Joint pain in Ulcerative Colitis - any experience?

[LaTristesse]

Hi all,
I've had UC for 18 years and it has mostly been mild and medically controlled. At best I haven't taken any tablets for months at a time and been fine, at worst I had a bout through University where I needed steroids.
Over the last few months I've been experiencing pain in pretty much all my joints, worse at night and first thing in the morning. Went to GP today who's exploring rheumatism, but also mentioned that joint pain can be experienced by UC sufferers.

As that's all new to me I was wondering if there was anyone here who may be able to share their experiences of joint pain with UC? In particular, how is it treated, can it get better and worse, are there any self help / alternative therapies worth exploring?
Thanks in advance...

No experience myself but wondered if you could find any info on the Chrohn's and Colitis UK website

Thanks for the link; I'll have a read...

I had joint pain with UC which was controlled in exactly the same way as the UC, just as another symptom. I have since had the surgery for UC and have developed Rheumatoid arthritis but it presents slightly differently and yours sounds more like the UC version. The rheumatologist has suggested that the fact that my UC was so out of control before the surgery is a strong risk factor to developing RA later, so the only advice I can give is not to let that happen - make sure the UC is as under control as you can get it.

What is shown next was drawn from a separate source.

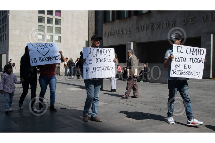 CIUDAD DE MÉXICO, 10ENERO2019.- Andrés Granados y José Luis González Meza, quienes se ostentan como abogados del Joaquín Guzmán Loera "El Chapo", acudieron a la sede de la Secretaría de Relaciones Exteriores para entregar un carta al canciller Marcelo Ebrard Casaubón en el cual le piden que el supuesto narcotraficante, quien actualmente es enjuiciado en Estados Unidos, sea repatriado y juzgado aquí en México, ya que señalan que su proceso de extradición estuvo lleno de irregularidades. Varios jóvenes con pancartas con leyendas de que "El Chapo" sea repatriado y juzgado en su calidad de mexicano. FOTO: MOISÉS PABLO /CUARTOSCURO.COM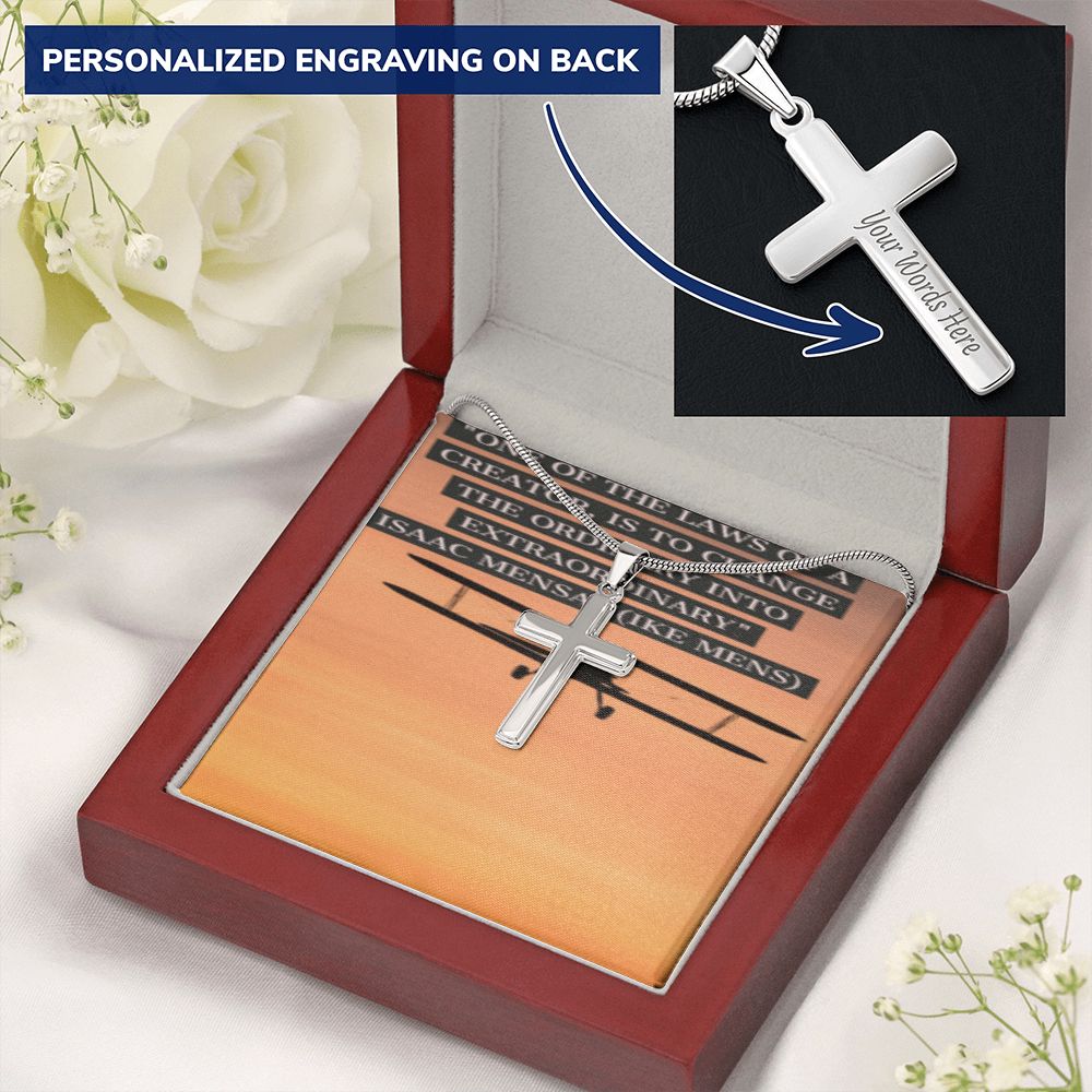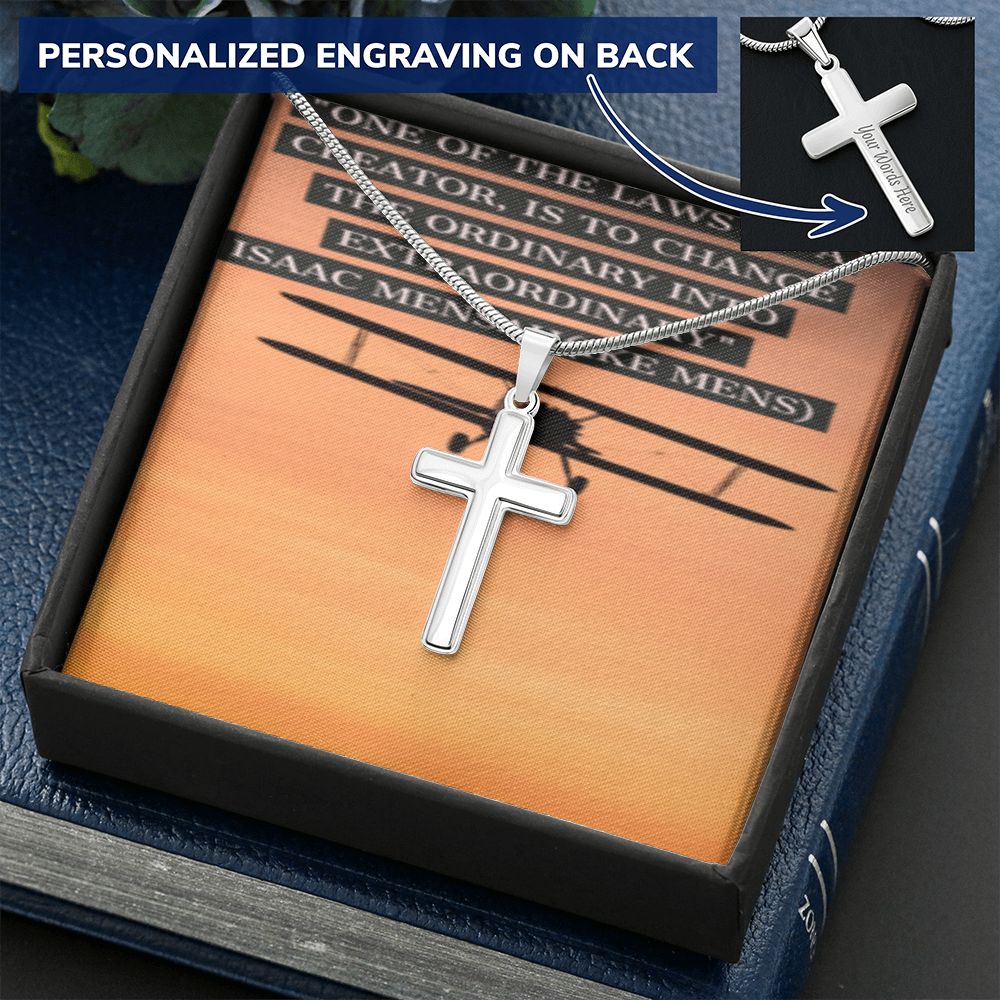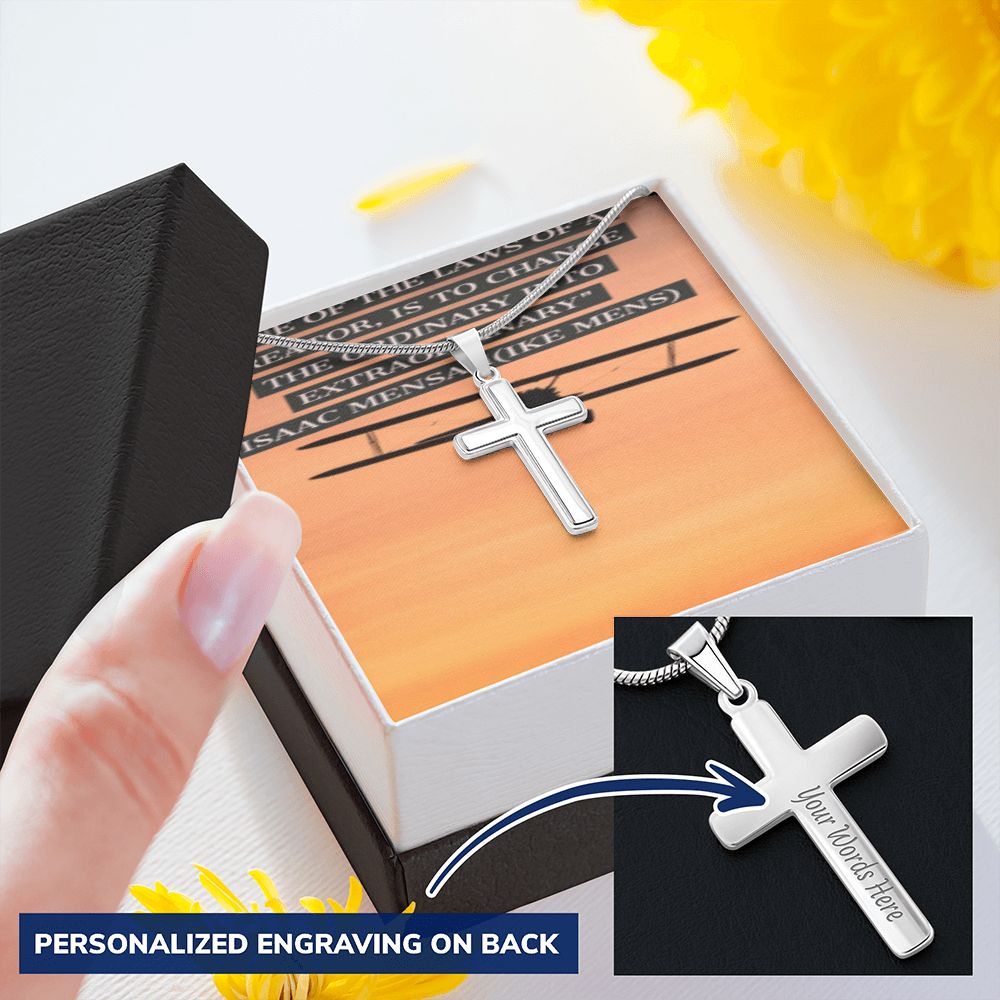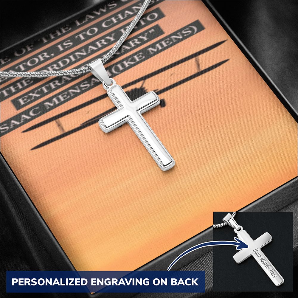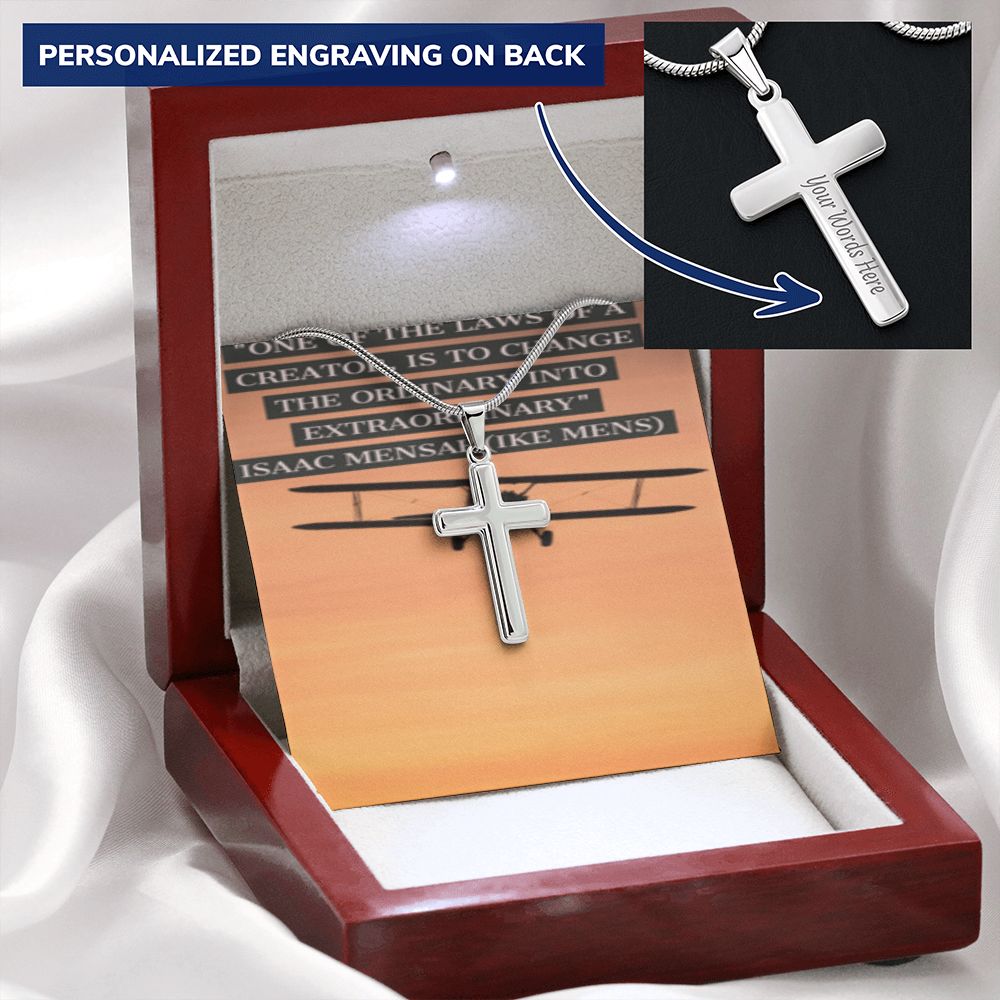 CROSS NECKLACE WITH IKE MENS QUOTE

The joint pain will tend to flair with your UC, even if you don't have UC symptoms. It is much easier to notice mild joint pain than mild inflammation in the colon. I also found that cutting out the GP and telling the GI team about the joint pain was the best way to get the two specialities to work together (though the computer records have made this less of an issue).

Do not try any alternative therapies in place of real treatment, but taking acidophicus bacteria has been found (only in IBD patients like us) to help. Some people suggest a low acid diet, which wouldn't do any harm. I think improving physical fitness is important as it reduces the strain on the joints. The IBD nurses are amazing and could really help if you need more specific advice and support.
Neither outcome is as bad as it first sounds, it is normal to feel upset when you are ill and given a permanent diagnosis but it really is the first step to feeling better. Good luck!

Thanks for sharing Runner... I have an appt with my specialist next month, so will run it all by him.

I tried the acidophilus and it seemed to mame everything so much worse, if you know what I mean! Does it tend to do that before it gets better, do you know?